Setting up SANE, a Secure Analysis Environment, typically takes about 30 minutes and involves collaboration between the data provider and a researcher. Any data provider utilizing the SURF Research Cloud can offer their data using SANE. This generally necessitates having a free-of-charge SURF Research Cloud contract in effect, a condition met by the majority of Dutch research and educational institutions. At the same time, a researcher needs to have sufficient SURF Research Cloud funding to use SANE. This can be organized through a SURF E-infra grant or an institutional agreement between SURF and the institution the researcher is affiliated with. 

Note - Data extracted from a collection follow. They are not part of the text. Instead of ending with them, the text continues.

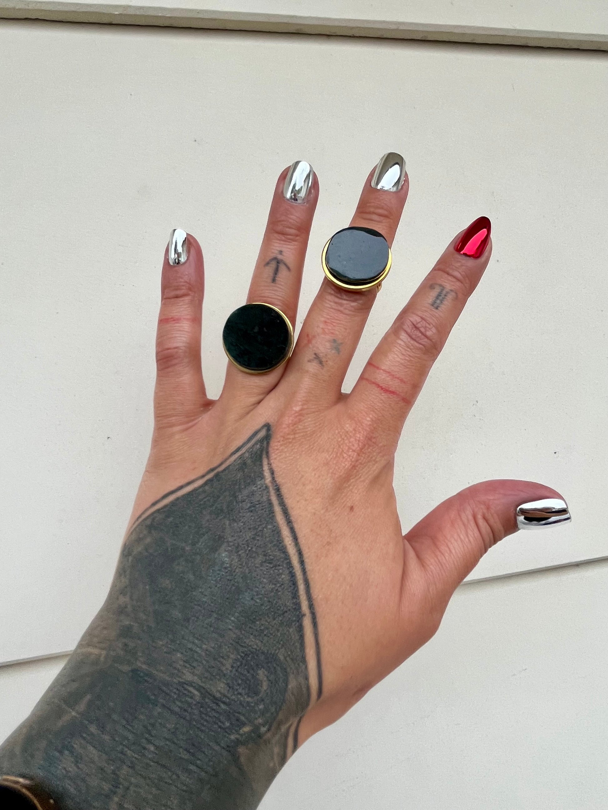 • 18k gold plated and adjustable rīngi base set with 20mm circumference hand carved NZ Pounamu
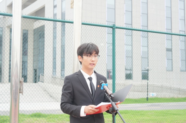 升旗仪式后,信息工程系学生会主席于方琦作为学生代表发言,他以自己的成长经历勉励新生。回忆起一年前刚入学时的青涩,于方琦坦言自己也曾面对专业课程的困惑,曾在实训室里手忙脚乱,但在老师指导和同学帮助下,通过不懈努力逐渐成长。从第一次写代码时连分号都会遗漏,到后来能独立完成项目;从面对设备不知所措,到熟练操作运用——这些成长正是'知行合一,自强不息'校训精神的生动体现。他鼓励新生要勇于尝试,不怕犯错,在实践磨练中收获成长。
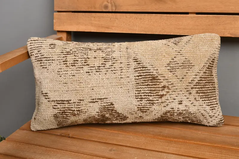 Handmade Beige & Brown Floral Throw Pillow, 10x20 Rectangle Pillow
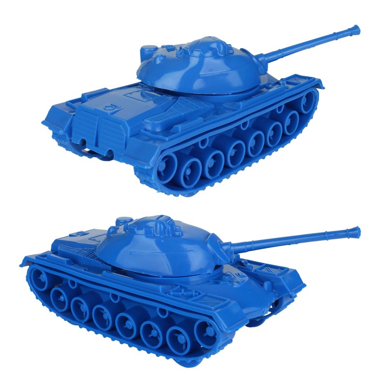 The Tim Mee Toy Patton PlatoonTank Division is ready for back yard deployment. These #729 M48 Patton Tanks are proudly manufactured in the United States and available in this 3 piece set. Each tank features a turret that rotates, measures 6.5 inches long and is approximately 1:48 scale. Made from slightly stiff blue color HDPE plastic with lots of crisp detail and very little flashing.
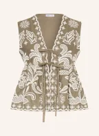 MRS & HUGS Blůza s lnem: OLIVOVÁ / BÍLÁ
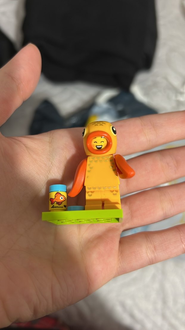 Sarı renkli Lego figürü, ördek kostümü giymiş ve üzerinde balık resmi olan küçük bir kutu tutuyor, yeşil taban üzerinde duruyor. Orijinal bu gün aldım ancak istediğim çıkmadı o yüzden satıyorum kutusu ve kağıdıyla göndericem çift yüzü var
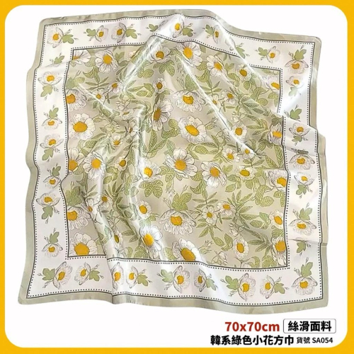 綠色 小花 方巾 絲巾 現貨 韓系 花朵 頭巾 質感 簡約 質感 領巾 髮帶 包巾 脖圍 小方巾 腰飾 SA054
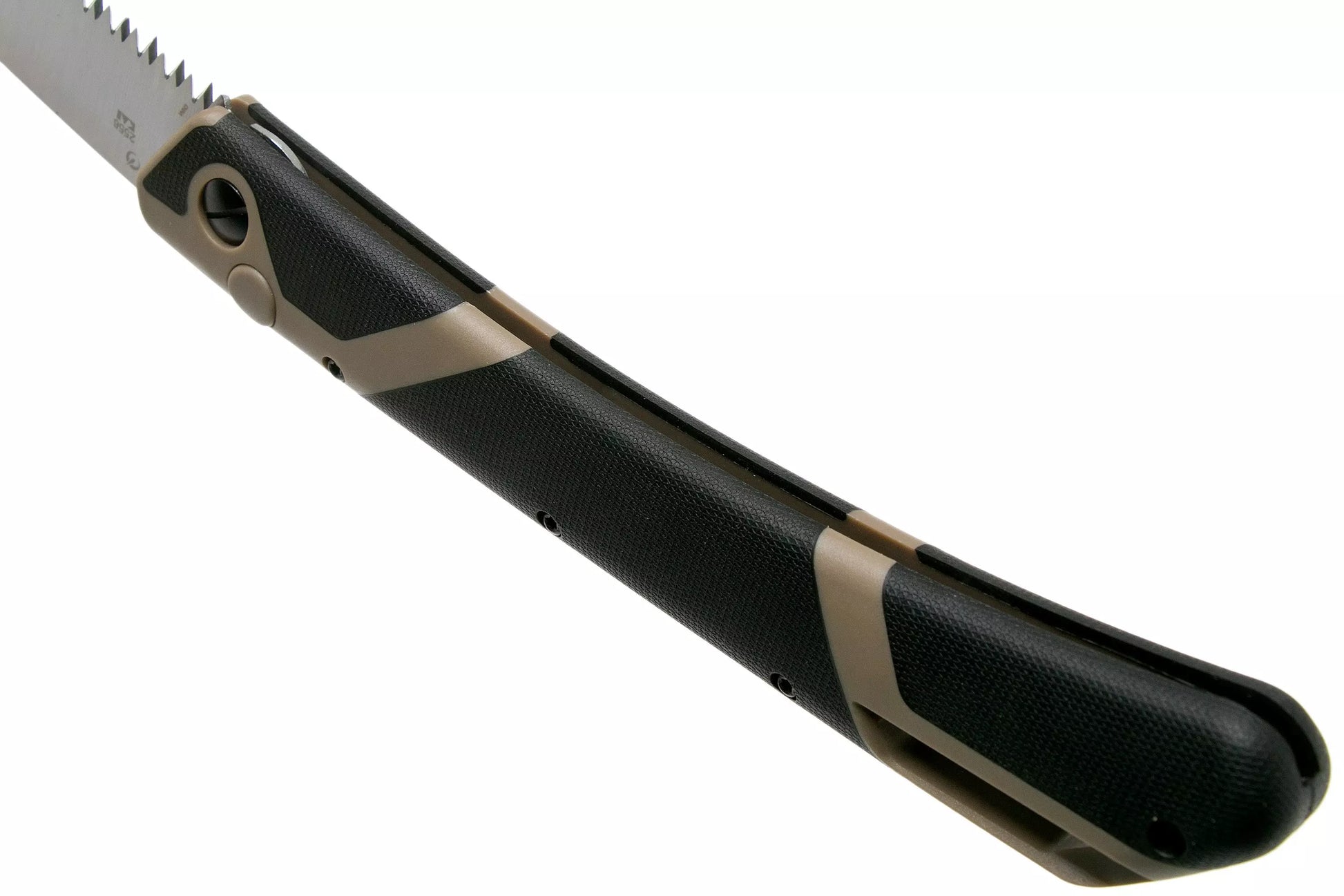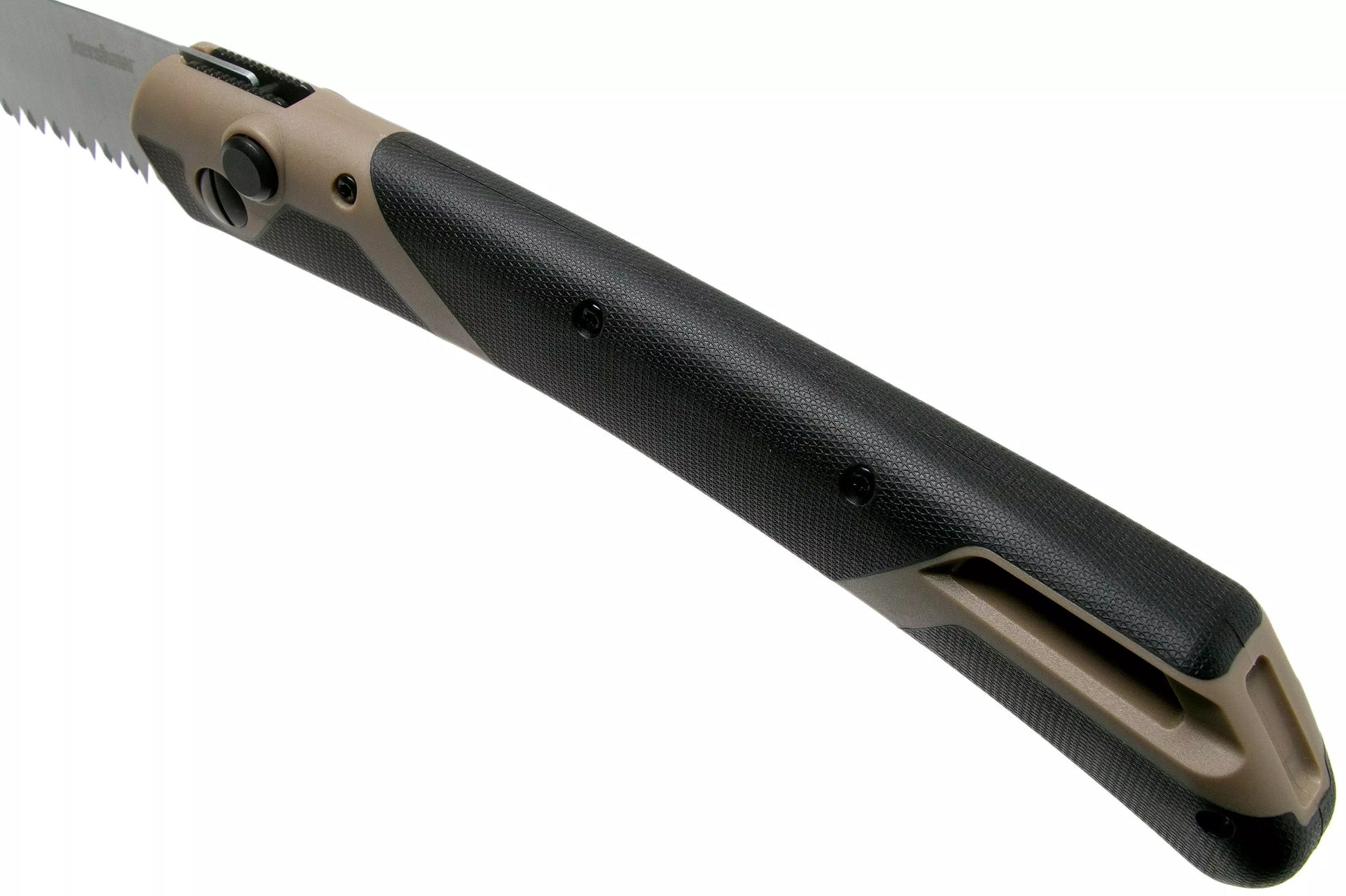 The Kershaw Taskmaster Saw 2 is a foldable saw. It is an improved version of the original Taskmaster. Kershaw, for instance, removed the finger grooves for a more modern look and feel. And yet you still have enough grip because of the cleverly placed rubber scales. The Taskmaster 2 is perfect for anyone looking for a compact saw. When working in the garden or when you go camping. The Taskmaster is truly a valuable addition to your gear!.
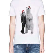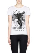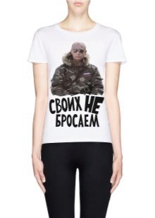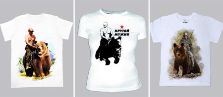 It is no secret that the bear is a symbol of our country. Therefore, it would be strange if there were no T-shirts with a photo of Putin and a bear. However, the president, sitting on a bear, causes admiration, pride and respect. It is for this reason that T-shirts with such a print are popular both among young girls and among older women.
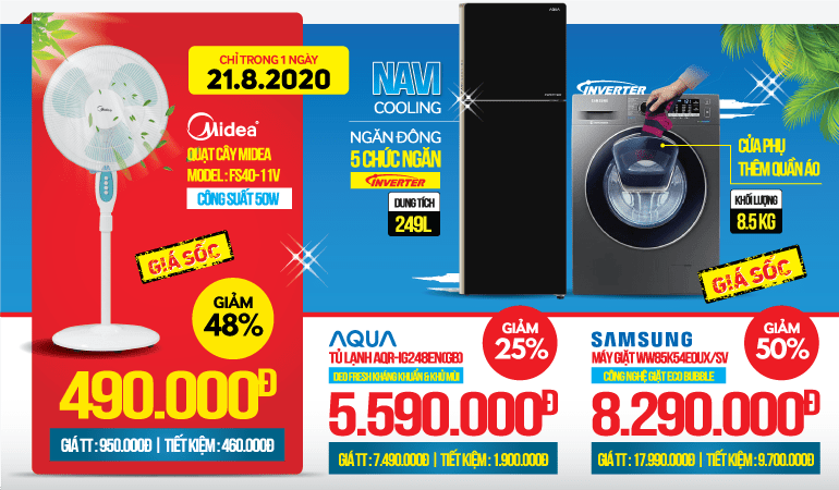 Hãy sẵn sàng đón DEAL HOT của ngày hôm nay 21/08: Nồi cơm điện cơ 2L Cuckoo CR-1122 - Korean giá chỉ còn 1,299,000đ; Quạt cây Midea FS40-11V giảm 48% giá chỉ 490,000 (giá niêm yết 950,000)đ; Tủ lạnh Aqua 249L AQR-IG248EN(GB) giảm 25% giá cực sốc chỉ 5,590,000đ (giá niêm yết 7,490,000); Điều hòa Samsung 1C Inverter 9400BTU AR10TYHYCWKNSV giá chỉ 6,790,000đ trong hôm nay. Máy giặt Samsung AddWash 8.5KG lồng ngang WW85K54E0UX/SV giảm 50% giá sốc 8,290,000đ (giá niêm yết 17,990,000đ). Mỗi khách hàng chỉ được mua 01 sản phẩm!

Once these requirements are met, the data provider creates a Collaborative Organisation (CO) to manage users and roles, as well as the virtual analysis environment itself. This process deploys an easy off-the-shelf environment made available by SURF. For more information about setting up SANE, follow the button below.

Additional questions about using SANE can be addressed to SANE Project Manager, Lucas van der Meer (

About the collaborators

  • ODISSEI: The national research infrastructure for the social sciences in the Netherlands, facilitating groundbreaking research through data, expertise, and resources.
  • SURF: A cooperative of Dutch education and research institutions dedicated to enhancing digital services and fostering knowledge sharing through innovation.
  • CLARIAH: A distributed research infrastructure for the humanities and social sciences, providing access to extensive digital data collections and user-friendly applications.